Jamaica is often thought of as a vacation paradise with sandy white beaches, ocean breezes, palm trees and happy people who smile all the time and sip from drinks with umbrellas served in hollowed out coconuts. That is what the department of tourism would have you believe, anyways. Truth is, Jamaica has excellent tourism and around the Kingston area there is great wealth and it does look like all the travel brochures and the people who are native Jamaicans have a very nice quality of life.
However, for the rest of the island, there is extreme poverty. Saint Mary’s Parish, our travel destination, is the poorest parish in Jamaica. The average resident lives in a 10’ x 20’ house (hut) with no running water or electricity. There are little to no governmental assistance programs to meet the education and nutritional needs of the people. There is no transportation system to take children to and from school, so if a family wants their children educated they must barter for transportation or the children must walk…sometimes many miles, to attend school. The teen pregnancy rate is very high and there is a high prevalence of single, young, uneducated women raising multiple children alone because the teenaged father did not stick around and own up to the responsibility of parenting a child. Because of the low education rate of mothers, there are high infant mortality rates. There is a universal healthcare system, but the young mothers are not literate enough to work their way through the system to access the prenatal medical care they need. All major necessities are imported into Jamaica, including food. All the best farmable land is owned by wealthy corporations and used to grow sugarcane, bananas, coffee and citrus fruits.

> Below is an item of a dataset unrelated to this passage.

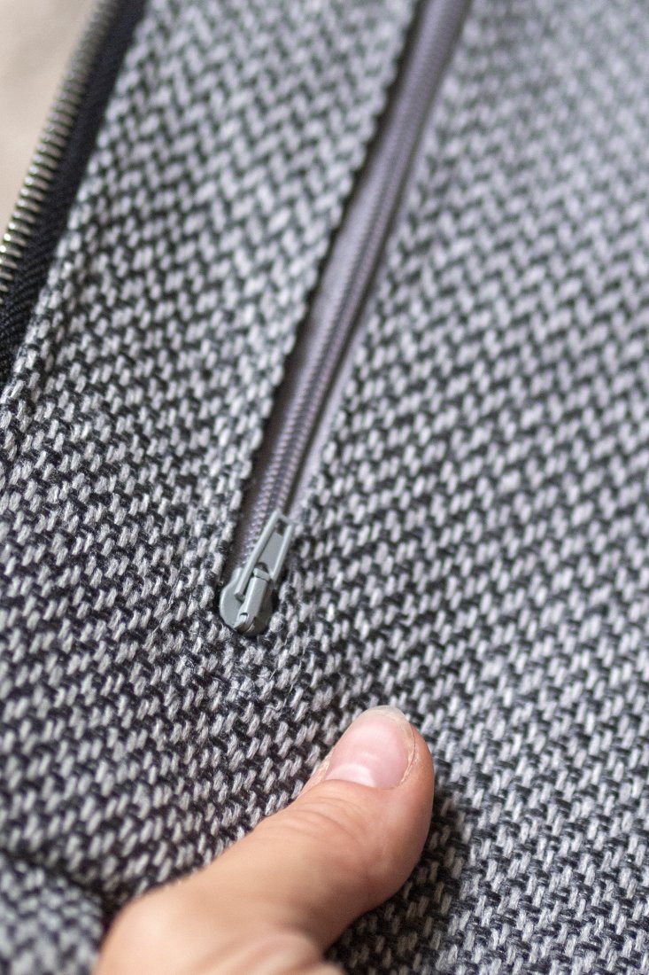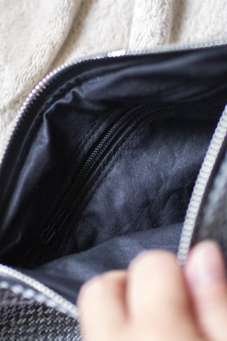 Małe zaszewki na dnie. Z tyłu oraz w środku torebki kieszonki zapinane na suwak. Środek wykończony bawełnianą podszewką.

Due to tourism and plantation farming, land prices in Jamaica are very high and paid workers earn very little. Skilled laborers can expect to earn about $125 a week. Teachers earn around $100 a week. So, the disparity between extreme wealth and abject poverty is quite large. Jamaica’s middle-class population is practically non-existent. Jamaica is a third-world country in almost every sense of the word. The need is great, and yet this need is rarely recognized by the developed world because the only view we ever see is the view from a cruise ship or a beach chair.

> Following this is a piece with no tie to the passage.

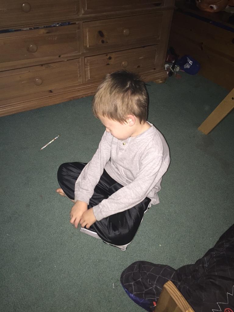 He's sleeping, sitting crossed legged in the dark....

Our youth would like to go to Jamaica to work with organizations seeking to alleviate some of the need that is so great on this beautiful island. They ask for your support in helping them to realize this dream and they ask for your love and prayers as they travel as representatives of this congregation. Mission experiences have the potential to be life-changing events in the lives of our young ones. The work that God can do in the heart of a person as they seek to be God’s working body in the world is nothing less than spectacular.
Join us and offer your donations to our cause as we have fellowship and fun throughout the year working to raise money for this excursion.